Le paiement d’une telle indemnité a pour objet de compenser le défaut de libre disposition des lieux et le préjudice ainsi subi par le propriétaire.
En l’espèce, la demanderesse ne justifie pas d’une part, de la valeur locative du bien et des éléments permettant de chiffrer l’indemnité d’occupation à la somme de 3000 euros mensuels et d’autre part, des dommages concrets qui résulterait de la privation de jouissance du bien.
Madame [A] [B] verra donc sa demande d’indemnité d’occupation rejetée.
Sur les demandes accessoires :
En application des dispositions des articles 696 et suivants du code de procédure civile, il convient de condamner Monsieur [Z] [O], essentiellement succombant, aux dépens de l’instance.
Il convient également de condamner Monsieur [Z] [O] à payer à Madame [A] [B] la somme de 500 euros au titre de l’article 700 du code de procédure civile.

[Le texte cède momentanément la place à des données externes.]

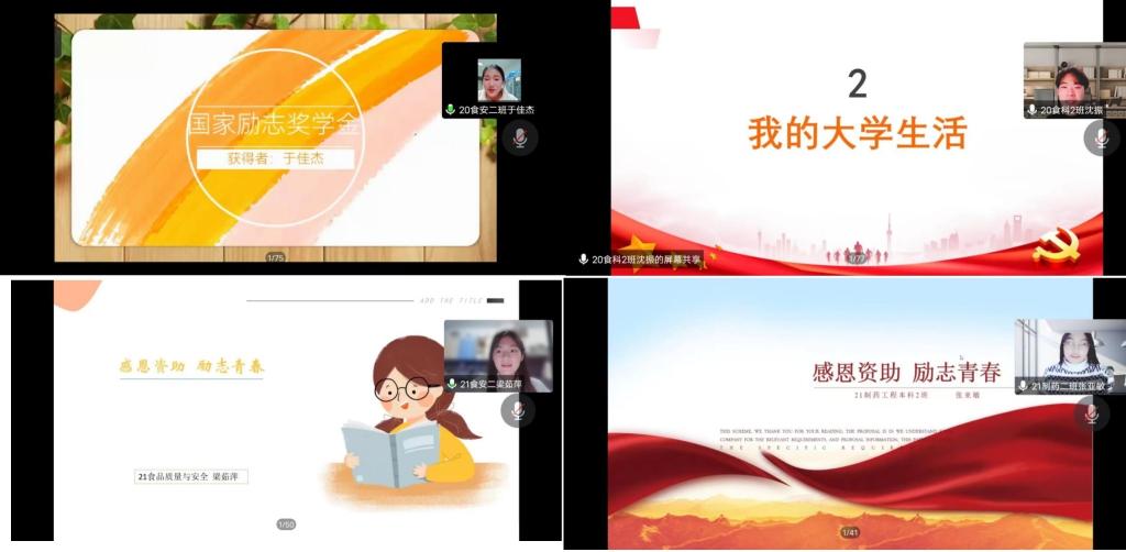 出席发言的优秀学生代表分别是20级食品质量本科2班于佳杰、20级食品科学本科2班沈振、21级食品质量本科2班梁茹萍以及21级制药工程本科2班张亚敏。以上四名同学依次分享了自己的学习经验和在校生活,并结合自己的成长经历表达了受助后的心得感悟,激励同学们要常怀感恩之心,积极进取,把对党和国家的感恩之情转化为努力学习、报效祖国的动力,让青春在不懈奋斗中绽放出绚丽之花。
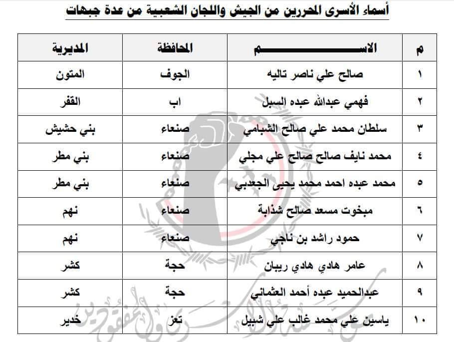 وفيما يلي أسماء المفرج عنهم من أسرى أبطال الجيش واللجان الشعبية:

Conformément à l’article 514 du code de procédure civile, le présent jugement est assorti de l’exécution provisoire, de droit.
PAR CES MOTIFS
Le juge des contentieux de la protection, statuant en audience publique, par ordonnance contradictoire, en premier ressort, rendu par mise à disposition au greffe le jour de son délibéré,
ORDONNE, à défaut de départ volontaire des lieux, l’expulsion de Monsieur [Z] [O] ainsi que de tout occupant de son chef, de l’immeuble sis [Adresse 5] à [Localité 5] (80), dans un délai de deux mois à compter de la signification d’un commandement d’avoir à libérer les lieux, avec l’assistance de la force publique si besoin est, ainsi que le transport des meubles laissés dans les lieux loués, conformément aux dispositions des articles L433-1 et L433-2 du code des procédures civiles d’exécution,
DIT n’y avoir lieu d’assortir la condamnation d’une astreinte,
REJETTE la demande de délai pour quitter les lieux,
REJETTE la demande de suppression du délai de deux mois prévu par l’article L412-1 du code des procédures civiles d’exécution,
REJETTE la demande de condamnation au paiement d’une indemnité d’occupation,
CONDAMNE Monsieur [Z] [O] à payer à Madame [A] [B] la somme de 500 euros au titre de l’article 700 du code de procédure civile,
CONDAMNE Monsieur [Z] [O] aux dépens de l’instance, exclusion faite du coût de l’assignation du 28 mars 2025 qui a été mis à la charge de Madame [A] [B] par l’ordonnance de référé du 09 avril 2025,
DEBOUTE les parties de leurs autres demandes et prétentions,
RAPPELLE que le présent jugement est assorti de l’exécution provisoire de droit.